6 am. As I set out for work from Woodstock, my home in Oxfordshire, shafts of sunlight burst through the turrets of Blenheim Palace like rays of optimism. I would be seeing Gemma on her birthday. When she was born I was nowhere to be found, and I’d spent twenty years trying to make up for that. Sue, who also suffers from traffic phobia, joined me in the office before 7 am, and we soon dispensed with the paperwork that I had to do before the adult intensive care ward round at 7.30. The day’s operating lists were already displayed on a white board at the main nurse’s station. The male charge nurse knew that my only adult patient was unlikely to reach the unit until mid-afternoon, but still felt obliged to warn me that beds were tight. Glancing towards the row of empty beds surrounded by unplugged ventilators and cardiac monitors, I didn’t need to ask. It was more of the same. ‘Tight on beds’ means not enough nurses. In the NHS, every intensive care bed must have a dedicated nurse. In other countries they double up quite safely to get the work done, but here we just cancel operations as if they were appointments with the hairdresser.

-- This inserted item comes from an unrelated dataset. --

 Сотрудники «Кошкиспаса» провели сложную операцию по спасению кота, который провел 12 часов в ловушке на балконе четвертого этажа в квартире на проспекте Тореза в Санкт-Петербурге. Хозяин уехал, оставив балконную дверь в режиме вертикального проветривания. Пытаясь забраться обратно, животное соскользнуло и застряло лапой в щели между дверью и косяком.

On this particular morning I didn’t know many of the nurses’ faces – and they didn’t recognise me. This told me that the night shift had relied heavily on agency staff. Two of my three cases from the previous day could leave the unit, but only when ward beds became available. Until then, they would continue to languish in this intimidating environment that never slept, at a cost exceeding £1,000 per day. Sometimes we’d even discharge patients directly home from intensive care when the ward was chronically blocked with the elderly and the destitute.

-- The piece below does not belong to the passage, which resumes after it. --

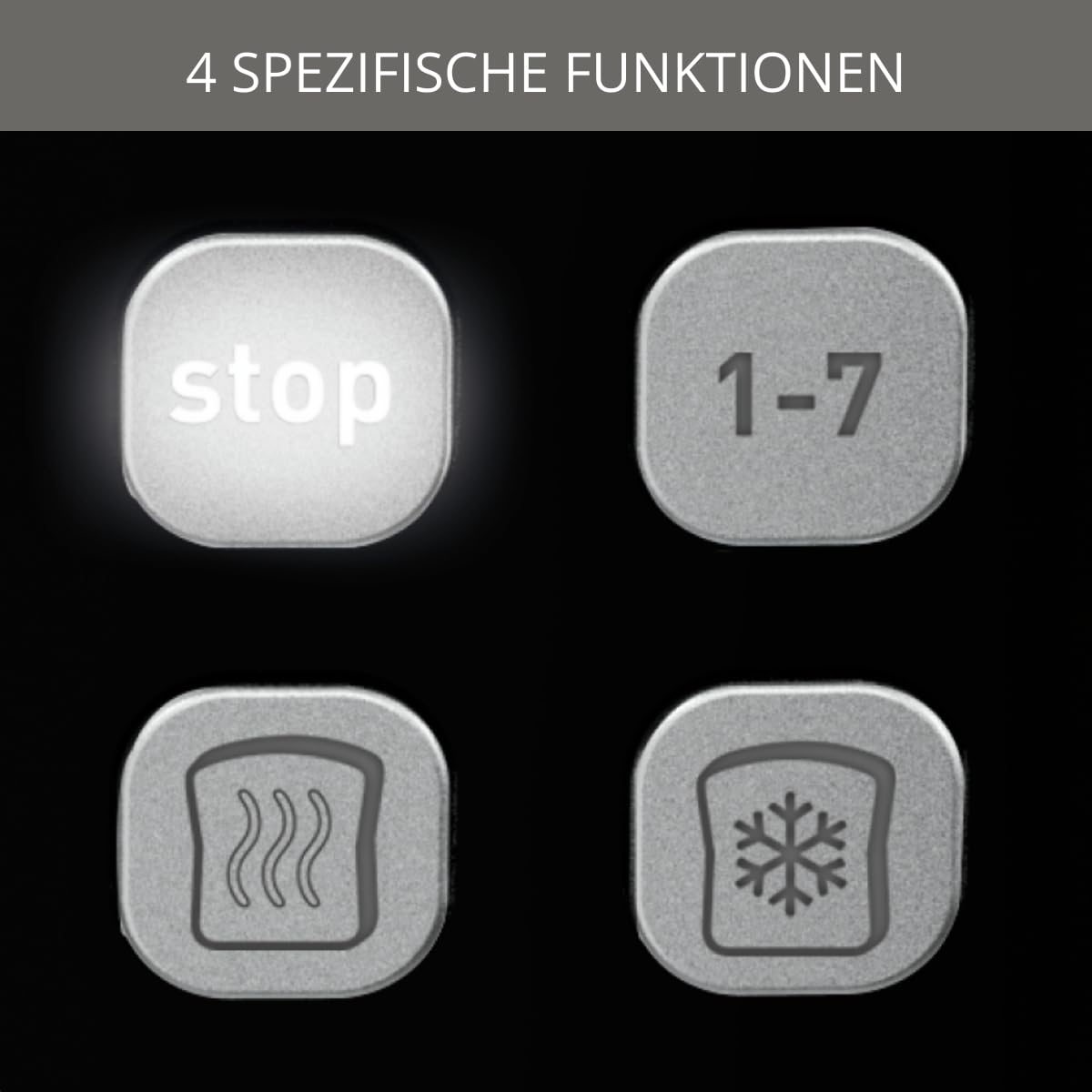 ["7 browning levels and favorite settings for toast just the way you like it","Integrated digital display with digital countdown showing exactly how long it will take","3 functions at the touch of a button: stop, defrost, and reheat with light indicators","Variable slot width for automatic centering of bread depending on thickness","Removable crumb tray and lift mechanism for easy toast removal","Lift mechanism for easy toast removal: even with the smallest slices of bread"]

This was not how it used to be. >When we fought to build the department, just three heart surgeons would perform 1,500 heart operations each year and we’d cover the chest surgery between us. Now in the same modest facilities we had five heart surgeons performing half that number of cases, alongside another three chest surgeons operating on the lungs. This was the price of progress – twice as many highly trained professionals doing much less work amid a disintegrating infrastructure. But hey. A hospital delegation was trying to recruit nurses in the Philippines that very week, so all would be well one day.
8 am – and my early-morning optimism was already punctured. I left the cacophony of life support, pulsating balloon pumps, hissing ventilators and screeching alarms. I heard weeping relatives, suggesting that a bed might soon be vacated. Knife to skin should be at 8.30, and I expected the baby to be anaesthetised by now. I assiduously avoided watching parents part from their children at the operating theatre doors. It was traumatic enough for me when my son had his tonsils out. Heart operations were a cut above. When I told parents that their child had a 95 per cent chance of survival, all that registered was the 5 per cent possibility of death. Statistics don’t help when it’s your child that doesn’t make it. So I told them what they wanted to hear, then hoped it would be true.
But the anaesthetic room was empty. The anaesthetist was sitting in the coffee room eating breakfast.
‘Have we sent yet?’ I asked with an air of resignation.
She shook her head. We had to wait for the paediatric intensive care ward round to decide whether they could give us a bed. No bed, third cancellation. It couldn’t be allowed to happen, yet the round hadn’t even started. It was an 8.30 start at the other end of the corridor, so I went there directly.